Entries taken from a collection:
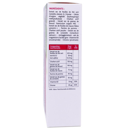 Ingrédients : Extrait sec de feuilles de thé vert Camellia sinensis (L.) Kuntze - Gélule d'origine végétale (hydroxypropyl méthylcellulose) - Charbon actif granulé - Extrait sec de graines de fenouil Foeniculum vulgare Mill. - Extrait sec de feuilles de mauve Malva sylvestris L. - Pectine de pomme - Charbon actif poudre - Extrait sec de graines de coriandre Coriandrum sativum L. - Antiagglomérant : stéarate de magnésium - Vitamine B3 (nicotinamide) - Chrome (picolinate).
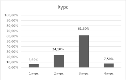 Большее количество студентов составили 3 курсы - 74 человека (61,6%), меньший процент составил 1 курс, их было 8 человек (6,6%). (Рис.3)
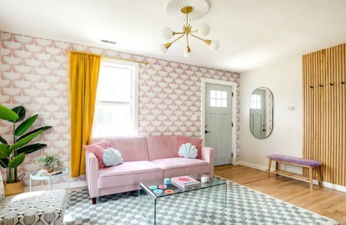 Welcome to Strawberry Moon! Our maximalist home is thoughtfully designed for a perfect vacation experience. Our unique property is full of colorful wallpaper, murals, and insta-worthy moments inside and out. The spacious backyard, featuring a pink cowboy pool and large deck, is a great place to spend time relaxing. Our convenient location provides easy access to the best restaurants, breweries, and shopping in town. We are also just a short walk away from Maymont, Byrd Park, and the James River.
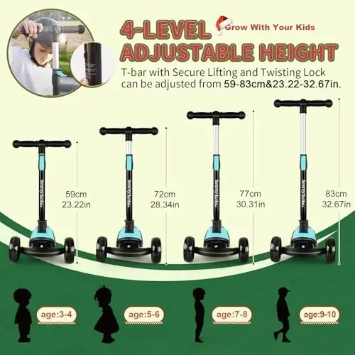 Besrey Kick Scooter for Kids Ages 3-10, 3-Wheel Folding Scooter with Adjustable Height, LED Light Wheels, Extra Wide Deck for Outdoor Activities
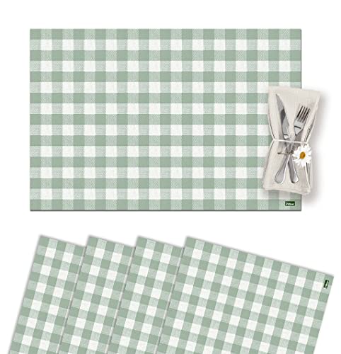 Vilber, Uppsättning av 4 individuella vinyl skyddsmedel. Tvättbara, vattentäta, Anti-Fläck, Anti-Slider, Non-Stick & Värmebeständig Ram. Vichy Grön
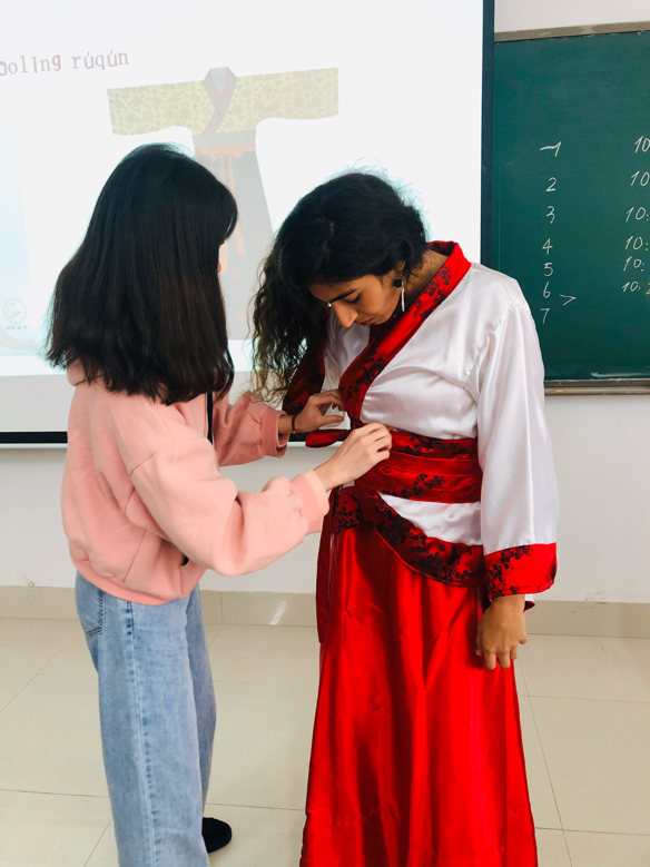 “汉服太美了,下次我还要做那种款式的(直裾深衣)汉服”,“老师,原来汉服真的没有button,右边领子在上”。通过此次文化体验课,学生创造式地将中国文化理论和实践结合在一起,深刻地理解了汉服交领、右衽、系带的特点,更加直观和切身感受到了中国文化的魅力。
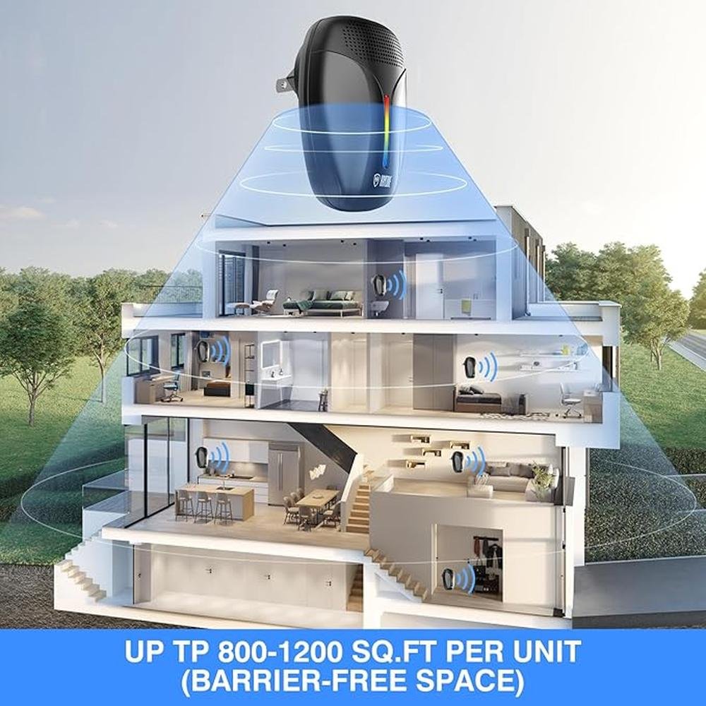 • Functional upgrades in 2024. Intelligent frequency conversion with three different sound wave frequencies, covering a frequency range of 20KHZ-60KHZ, can more effectively deal with various types of pests and keep your family away from pest infestation
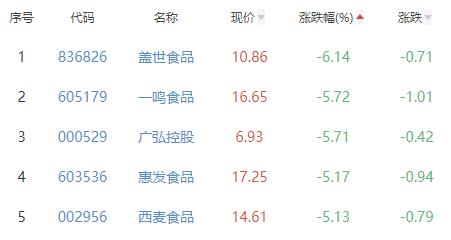 盖世食品、一鸣食品、广弘控股、惠发食品、西麦食品位列涨幅榜后五位,涨幅分别为-6.14%、-5.72%、-5.71%、-5.17%、-5.13%。
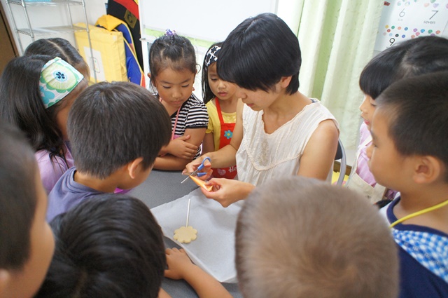 5日間英語のシャワーを浴び、習った言葉を言うだけではなく、それを応用しようとする子供達の努力する姿に感動すらおぼえました。また、机の上だけの勉強ではなく、作る喜びを体験するクラフトや、5感をフル活用するアクティビティーなども取り入れ、子供の心の成長も促すカリキュラムを用意するよう工夫しました。
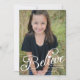 A modern design of lovely typography that reads "Believe - in the magic of the season" and features a full size photo of your happy family. Place on the back for you to add your personal holiday message or more photos if you wish. A beautiful, contemporary greeting for any holiday greeting.
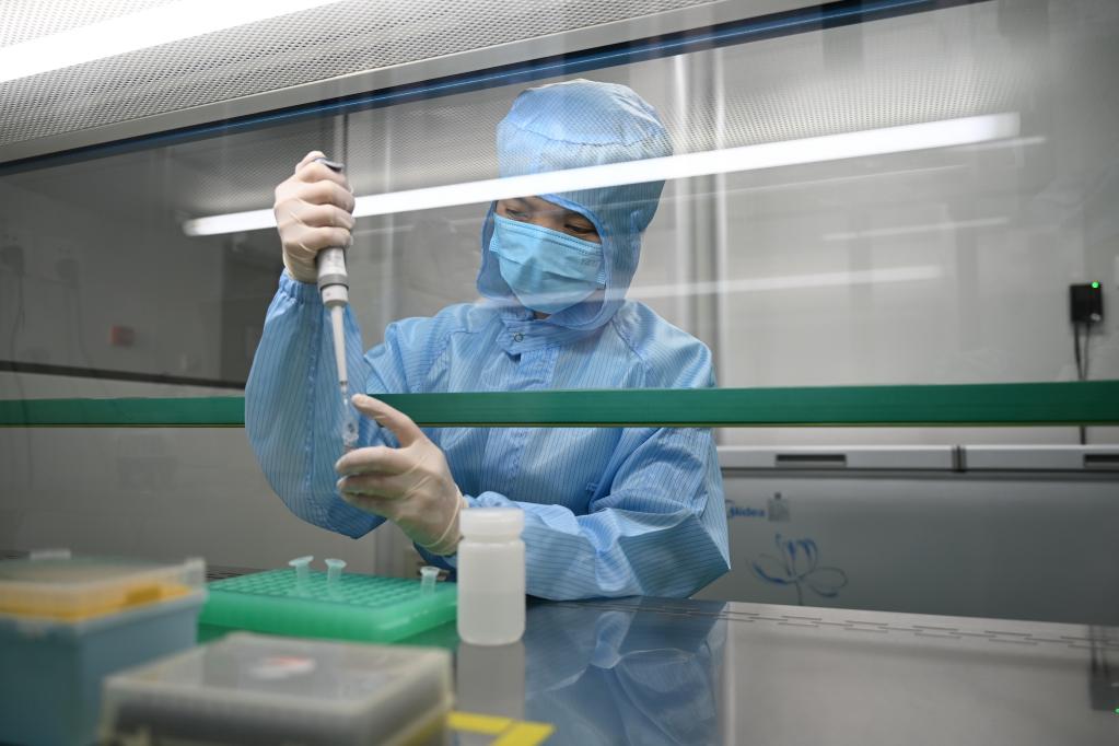 3月16日,美林美邦(廈門)生物科技有限公司員工在分裝滅活型病毒保存液。 新華記者 林善傳 攝

## [Action item]
No pictures belong in the output. It should reproduce exactly the lines from the one containing "盖世食品、一鸣食品、广弘控股" through the end of the data, both ends included.

## [Finished task]
 盖世食品、一鸣食品、广弘控股、惠发食品、西麦食品位列涨幅榜后五位,涨幅分别为-6.14%、-5.72%、-5.71%、-5.17%、-5.13%。
 5日間英語のシャワーを浴び、習った言葉を言うだけではなく、それを応用しようとする子供達の努力する姿に感動すらおぼえました。また、机の上だけの勉強ではなく、作る喜びを体験するクラフトや、5感をフル活用するアクティビティーなども取り入れ、子供の心の成長も促すカリキュラムを用意するよう工夫しました。
 A modern design of lovely typography that reads "Believe - in the magic of the season" and features a full size photo of your happy family. Place on the back for you to add your personal holiday message or more photos if you wish. A beautiful, contemporary greeting for any holiday greeting.
 3月16日,美林美邦(廈門)生物科技有限公司員工在分裝滅活型病毒保存液。 新華記者 林善傳 攝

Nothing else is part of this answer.